Online Supplement
Systemic inflammatory profile and response to anti-tumor necrosis factor therapy in chronic obstructive pulmonary disease
Matthew J. Loza, Rosemary Watt, Frédéric Baribaud, Elliot S. Barnathan, Stephen I. Rennard
METHODS
Exclusion criteria for healthy controls
Qualification for healthy status was evaluated from a self-report questionnaire. Exclusion criteria for healthy controls were: not feeling healthy at the time of donation; headache/fever in the past week; risky sexual activity in the past year; tested positive for or been treated for sexually transmitted diseases; history of alcoholism or drug abuse; have had ≥1 diseases in a broad panel; have been under physician care, have had surgery, or have taken prescription medications in the past year; for females, are/were pregnant in the past 6 weeks or are post-menopausal.
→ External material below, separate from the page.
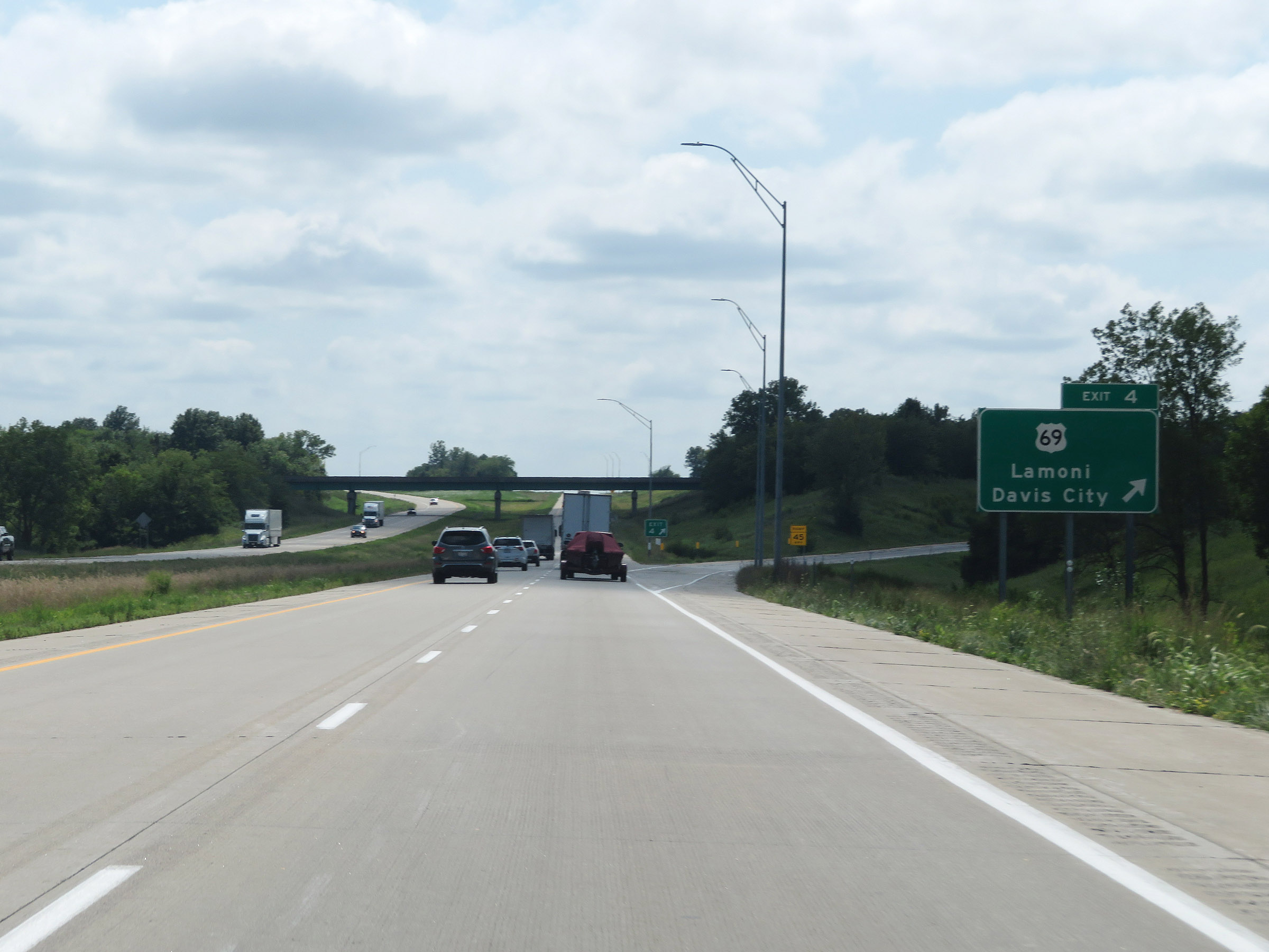 Interstate 35 South at Exit 4: US 69 - Lamoni / Davis City (Photo taken 8/8/20). |
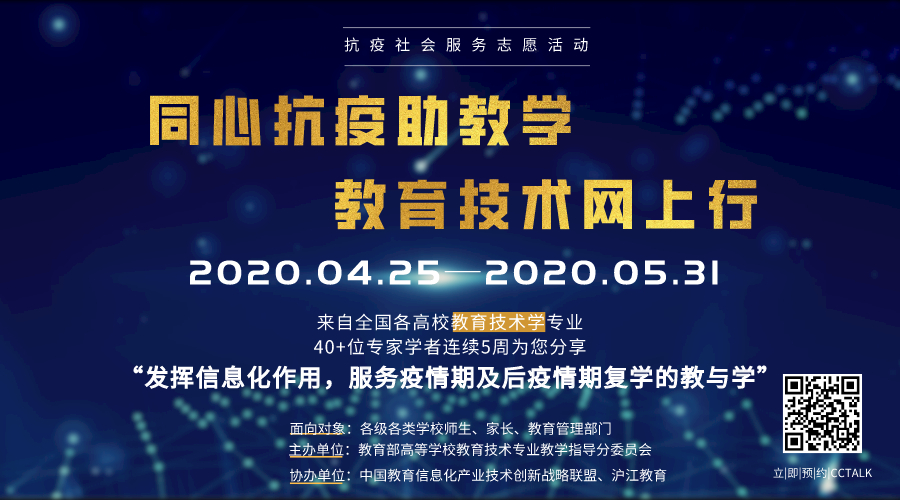近日,由教育部高等学校教育技术专业教学指导分委员会主办,中国教育信息化产业技术创新战略联盟、沪江教育联合协办、教指分委秘书长单位华南师范大学组织的“同心抗疫助教学,教育技术网上行”在线抗疫社会服务志愿活动顺利举行,为以上问题给出专业回答。

Measurement of serum analyte concentrations—Least detectable dose
Least detectable dose (LDD) was defined as the back-calculated concentration for the mean plus 3 standard deviations of luminescence values of 20 blank readings, reported in the online supplement (Table 1). Concentrations below LDD were transformed to 0.5xLDD. The 21 analytes with concentrations below LDD for >75% of baseline samples in each of the 4 cohorts were excluded from further analysis (online supplement - Table 1). The 4 analytes below LDD in ≥50% of samples in each cohort but <75% for ≥1 cohort were dichotomized as being above or below LDD for subsequent statistical analyses (online supplement - Table 1).
RESULTS
Influence of corticosteroids
Corticosteroids are anti-inflammatory mediators that can potentially affect the systemic inflammatory profile. Corticosteroids, whether inhaled or systemic (oral or intravenous), are a common therapeutic in chronic obstructive pulmonary disease (COPD). Despite the anti-inflammatory potential of corticosteroids, a strong systemic inflammatory profile was evident in both COPD cohorts. The impact of corticosteroids was anticipated to be limited in the T54 COPD cohort because oral corticosteroid treatment was not permitted from 2 weeks before screening through the end of study, except for short-term treatment of exacerbations. Oral steroid treatment, however, was permitted for the BioServe cohort. To assess the potential impact of corticosteroids in the BioServe cohort, patients not currently using corticosteroids were compared with those using inhaled but not systemic corticosteroids (data not shown). No differences were significant after multiple testing correction (FDR<0.05), except for glutathione-S-transferase (GST) in patients using inhaled corticosteroids (p=0.029, −5.0-fold). When comparing those using versus those not using systemic corticosteroids (regardless of inhaled steroid use) (data not shown), only growth hormone was decreased with nominal significance in the systemic steroid group (p=0.030, −2.8-fold). Therefore, the impact of corticosteroids on the observed associations appears to be minimal overall and across disease severities.
Potential batch effects
To detect potential batch effects in the independently bioanalyzed healthy control (Ctr2) cohort serum samples, significance of differences between the healthy control samples that were bioanalyzed with T54 and Bioserve samples (Ctr1) and Ctr2 cohorts for each analyte was tested. Five analytes had >50% differences with p<0.05 (online supplement - Table 2). These differences could be from batch effects in the measurements of these particular analytes or from real differences in expression levels between the 2 control cohorts. Among these analytes, only cancer antigen (CA) 19-9 demonstrated significant associations concordant for the 4 statistical comparisons. Because CA19-9 was higher in the Ctr2 cohort, the increased levels associated with COPD at most would have been modestly underestimated for the comparisons versus the Ctr2 cohort. CA125 was significant for comparisons of both COPD cohorts to the Ctr1 but not the Ctr2 cohort. Because CA125 was significantly higher in the Ctr2 cohort, the lack of significance may be a result of batch effects rather than true lack of differences. Because the comparisons of COPD versus Ctr1 were not significant for both COPD cohorts, interleukin (IL)-17, GST, and serum glutamic-oxaloacetic transaminase (SGOT) were not considered to be influenced by potential batch effects for their lack of concordant significance among comparisons.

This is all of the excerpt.